### What is being asked
Copy out, from the entries below, each line that holds the string "Queen".

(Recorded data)

■ ■ ■

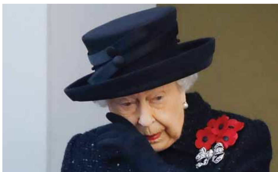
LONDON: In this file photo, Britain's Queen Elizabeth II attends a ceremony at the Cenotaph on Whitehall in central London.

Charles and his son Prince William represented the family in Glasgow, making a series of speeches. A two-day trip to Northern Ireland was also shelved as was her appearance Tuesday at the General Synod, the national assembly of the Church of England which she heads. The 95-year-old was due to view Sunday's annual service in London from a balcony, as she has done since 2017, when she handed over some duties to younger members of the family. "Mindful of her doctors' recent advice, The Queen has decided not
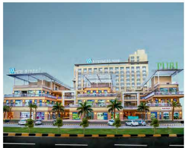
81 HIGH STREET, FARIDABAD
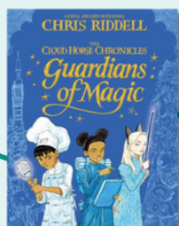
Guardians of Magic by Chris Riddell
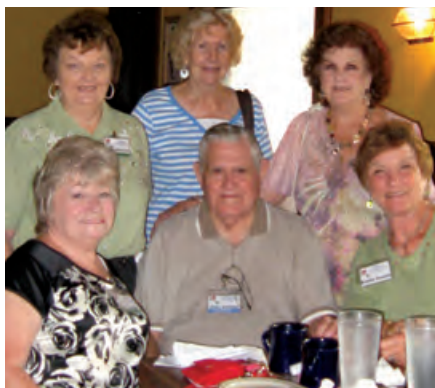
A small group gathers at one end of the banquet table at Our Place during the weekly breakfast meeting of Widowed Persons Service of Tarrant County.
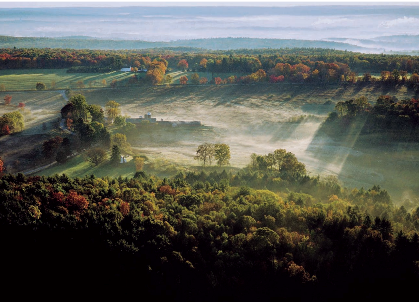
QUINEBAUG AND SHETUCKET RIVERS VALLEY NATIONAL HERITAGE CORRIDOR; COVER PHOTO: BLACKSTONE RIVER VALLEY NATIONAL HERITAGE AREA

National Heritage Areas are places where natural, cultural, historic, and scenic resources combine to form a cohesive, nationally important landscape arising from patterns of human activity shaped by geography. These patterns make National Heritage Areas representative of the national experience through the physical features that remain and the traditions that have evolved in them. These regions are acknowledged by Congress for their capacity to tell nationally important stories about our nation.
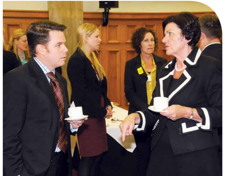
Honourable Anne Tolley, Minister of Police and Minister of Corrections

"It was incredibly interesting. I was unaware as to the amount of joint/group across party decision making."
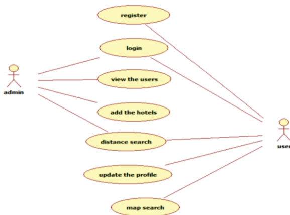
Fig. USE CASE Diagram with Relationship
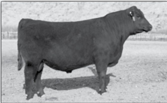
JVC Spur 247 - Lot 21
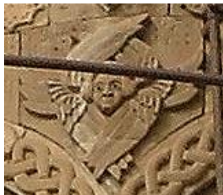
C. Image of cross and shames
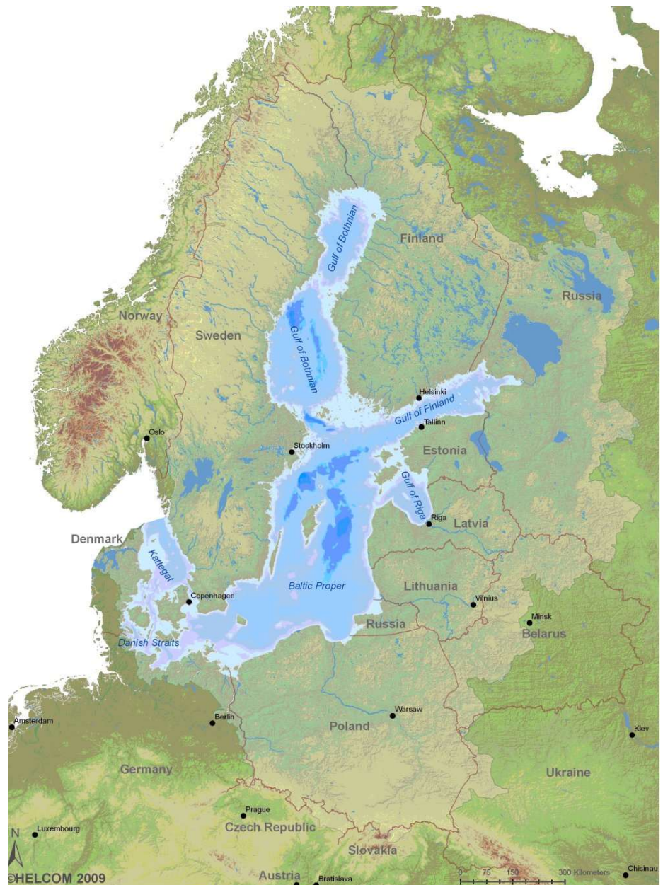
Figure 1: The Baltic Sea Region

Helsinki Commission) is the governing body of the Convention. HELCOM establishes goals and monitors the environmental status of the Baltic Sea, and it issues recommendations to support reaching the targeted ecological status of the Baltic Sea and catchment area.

■ ■ ■

### Written solution
LONDON: In this file photo, Britain's Queen Elizabeth II attends a ceremony at the Cenotaph on Whitehall in central London.
Charles and his son Prince William represented the family in Glasgow, making a series of speeches. A two-day trip to Northern Ireland was also shelved as was her appearance Tuesday at the General Synod, the national assembly of the Church of England which she heads. The 95-year-old was due to view Sunday's annual service in London from a balcony, as she has done since 2017, when she handed over some duties to younger members of the family. "Mindful of her doctors' recent advice, The Queen has decided not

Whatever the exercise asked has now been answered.